Many paths to cleaner energy

Scott’s interest in electricity came out of necessity. He spent his childhood years living off the grid on a remote farm in Botswana, forty miles from the nearest gas station. The wet seasons could wash out the roads, cutting them off further. Scott and his family learned to improvise. They drilled wells for their water, and jerry-rigged 1990s-era solar panels for power.

He later studied concentrated solar thermal power while earning a degree in applied physics at the University of Sydney, gravitating toward engineering projects that worked under harsh conditions. This led him to Williams Racing in Formula 1, where he helped create the team’s applied technology division. It was an extreme environment for engineering. F1 requires rapid iteration, unforgiving constraints, with constant high-stakes (and public) feedback. Scott went on to found an autonomous and electric vehicle fleet simulation and optimization startup, Marain. And these experiences crystallized his philosophy as a technologist: Before building expensive hardware, model enough to reduce uncertainty. In other words, Model twice. Spend once.

Marain was acquired by General Motors. After spending two years at GM Scott departed and began exploring what problems to work on next. “I kept coming back to fusion,” he says.

He studied the landscape and was struck by the quality of privately funded engineering teams in the space. The technologies were promising. But he couldn’t find a clear measure of how promising. “If we take the culmination of the last 75-80 years,” he wondered, “if this all goes according to plan—how cheap could it be?” 

Wayfinding in fusion

Right now, the future of fusion is like a summit hike through dense forest. Many paths exist, some more delineated than others thanks to the hard work and good fortune of early trailblazers. But each tortuous trail faces unique obstacles.

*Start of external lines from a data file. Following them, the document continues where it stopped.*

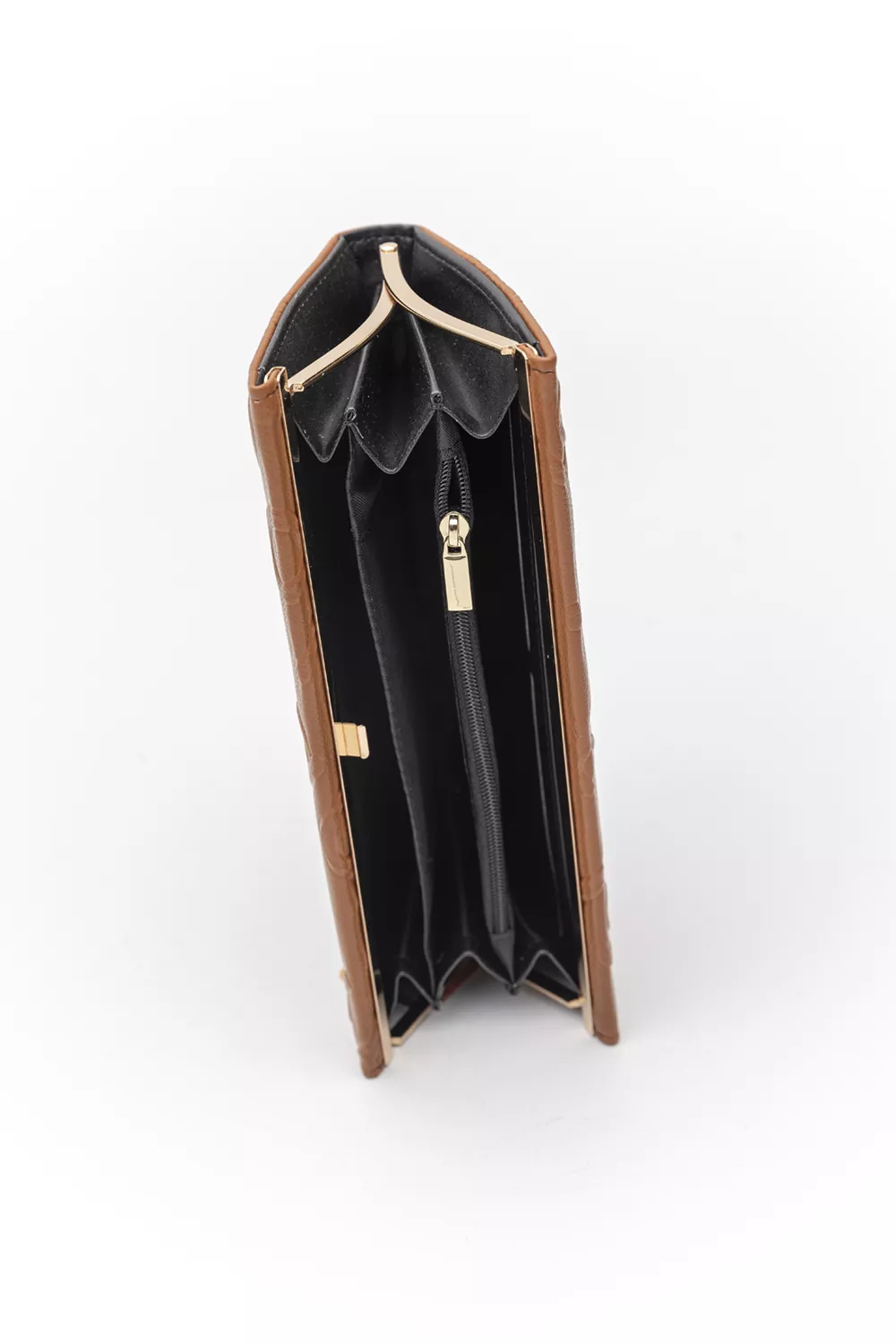 Πορτοφόλι με καινοτόμο άνοιγμα με μεταλλικά ελάσματα. Στο εσωτερικό του υπάρχουν όλες οι απαραίτητες θήκες ενός πορτοφολιού. Το συγκεκριμένο πορτοφόλι μπορεί να χρησιμοποιηθεί και ως clutch.Υλικό: Οικολογικό δέρμα με ανάγλυφο το λογότυπο της εταιρίας σε mirror printing ή μεταλλικά κρακελέ χρώματα.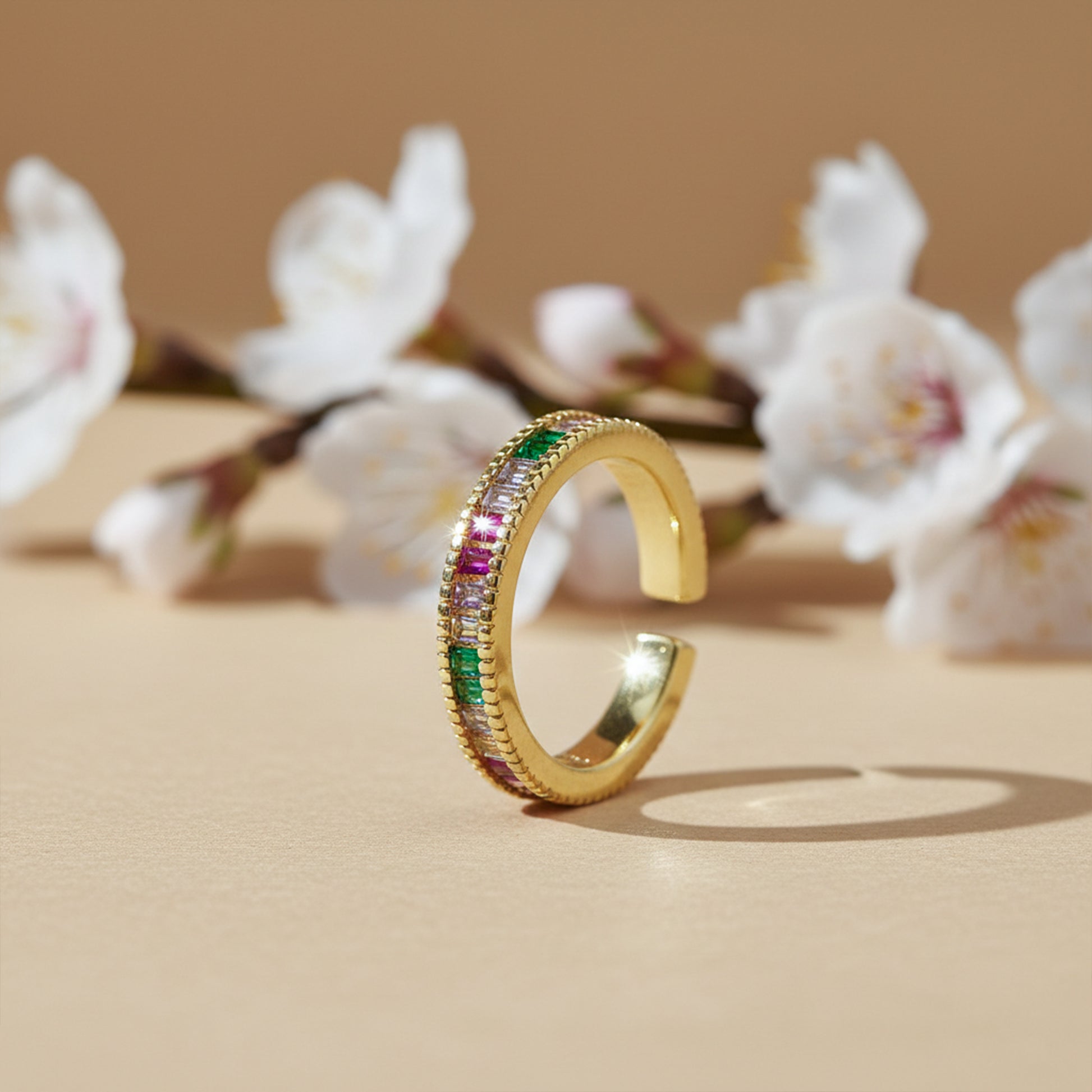 Whether worn as a statement piece or stacked with other rings, the Luxe Prism Crystal Ring brings luxury, color, and brilliance to your everyday look or special occasions.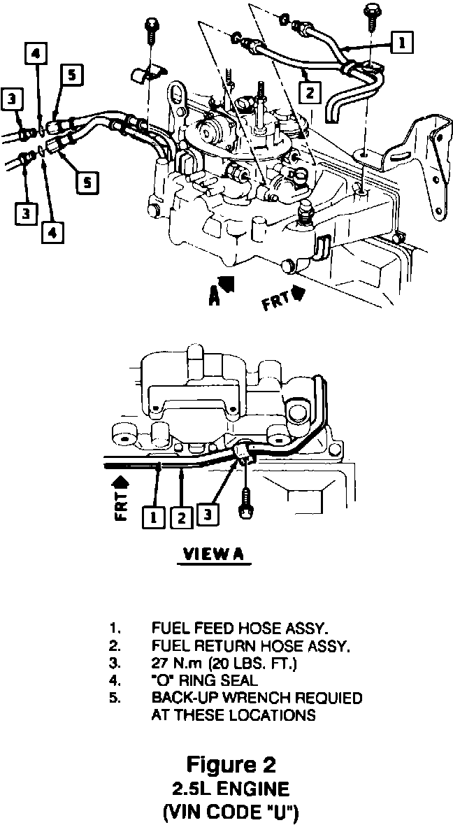 For 2.5L engines (VIN Code "U"), see Figure (2); the fittings to be torqued are labelled "3" and "5" in Figure 2.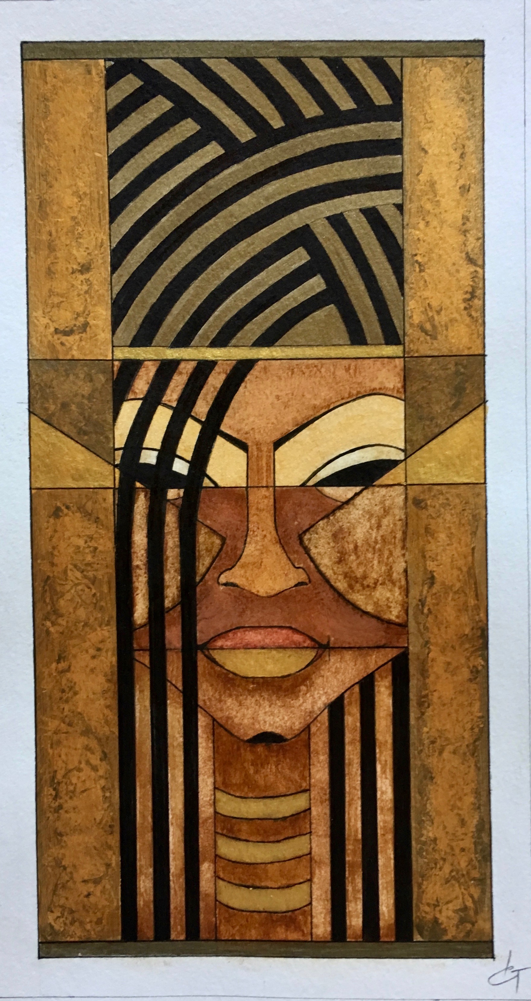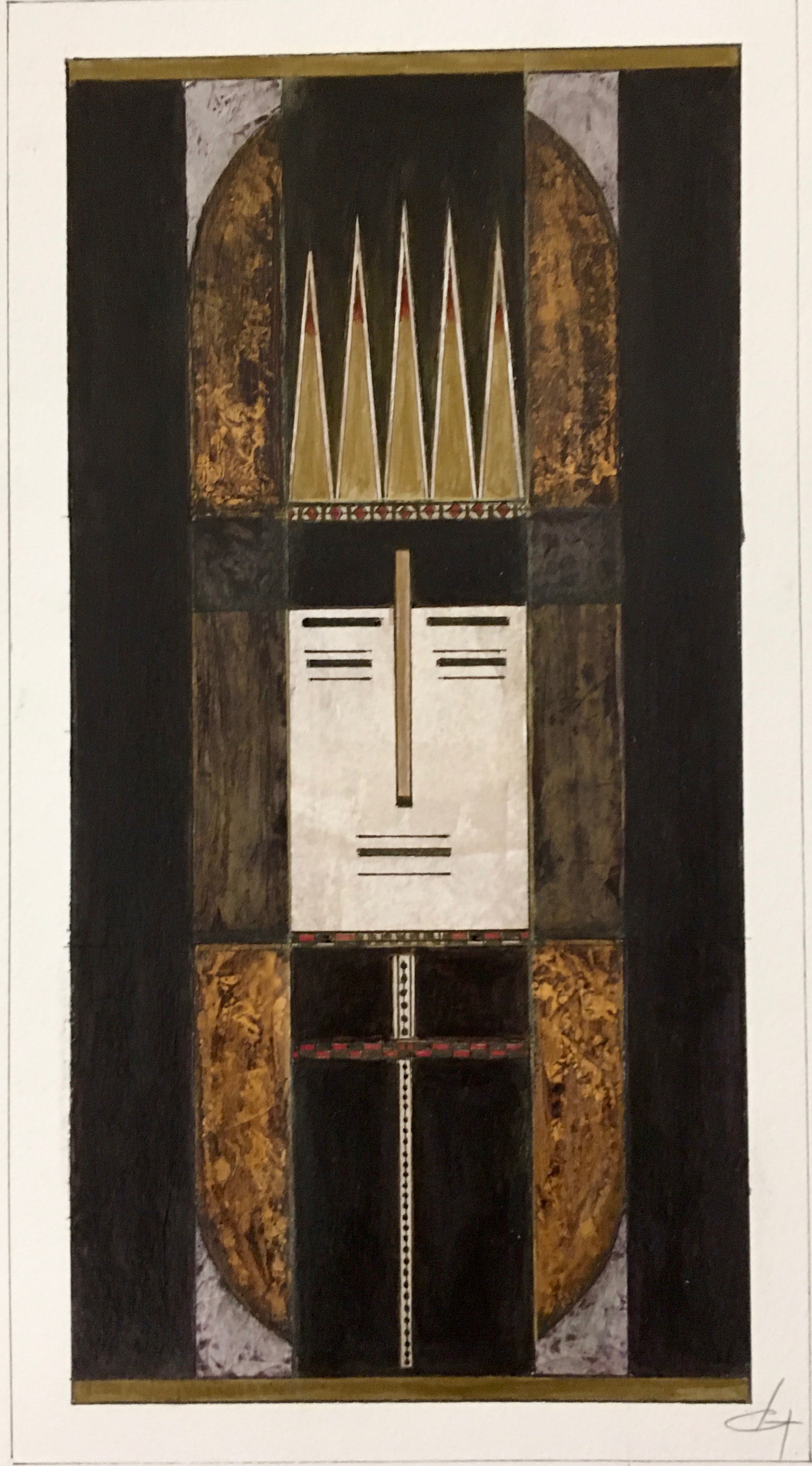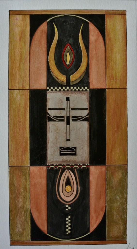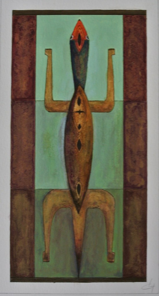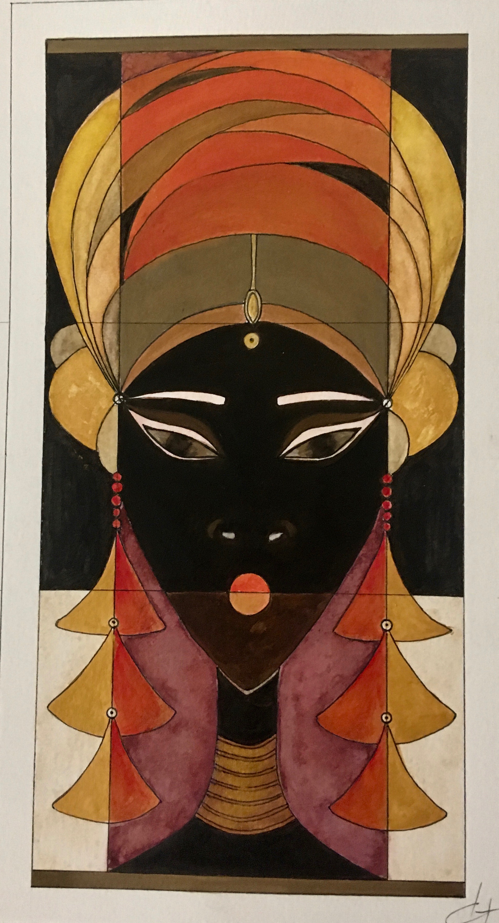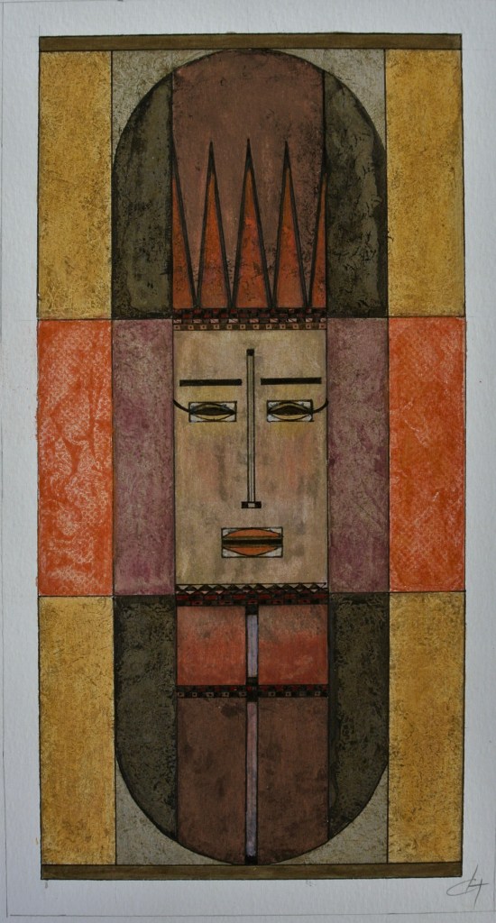 La technique est mixte (aquarelle, encre, acrylique) sur papier. Les couleurs chaudes et vives côtoient les touches dorées qui évoquent les icônes.

In order to reach the right extreme conditions to achieve fusion on Earth, some use lasers to rapidly compress fuel. Other technologies use magnets to confine plasma. Nuclear fusion releases energy as electromagnetic radiation, fast moving ions and neutrons. What researchers do with that resulting burst of energy also varies. Many proposed fusion plants resemble current fission plants: They generate heat, boil water, spin turbines, and funnel electricity into the grid. Alternatively, a new model for plants could convert the energy of fast moving ions directly into electricity: plasma expands against the magnetic field that’s confining it, which induces a current.

Two feasibility metrics are particularly important when comparing technologies at the experimental stage: the triple product and the gain. Triple product represents the threshold plasma density, temperature, and confinement time required for a technology to trigger fusion Gain measures how much more energy a technology creates with fusion compared to the amount of energy it needs to start and sustain it. Small-scale experiments at Lawrence Livermore National Lab have yielded greater energy (8.6 MJ) than that delivered by a laser (2.08 MJ). This represents a theoretical, “scientific gain,” as opposed to the engineering gain or “plant gain,” for a whole facility. The inefficiency of the Livermore Lab laser makes it so that the system still uses much more energy than it generates. 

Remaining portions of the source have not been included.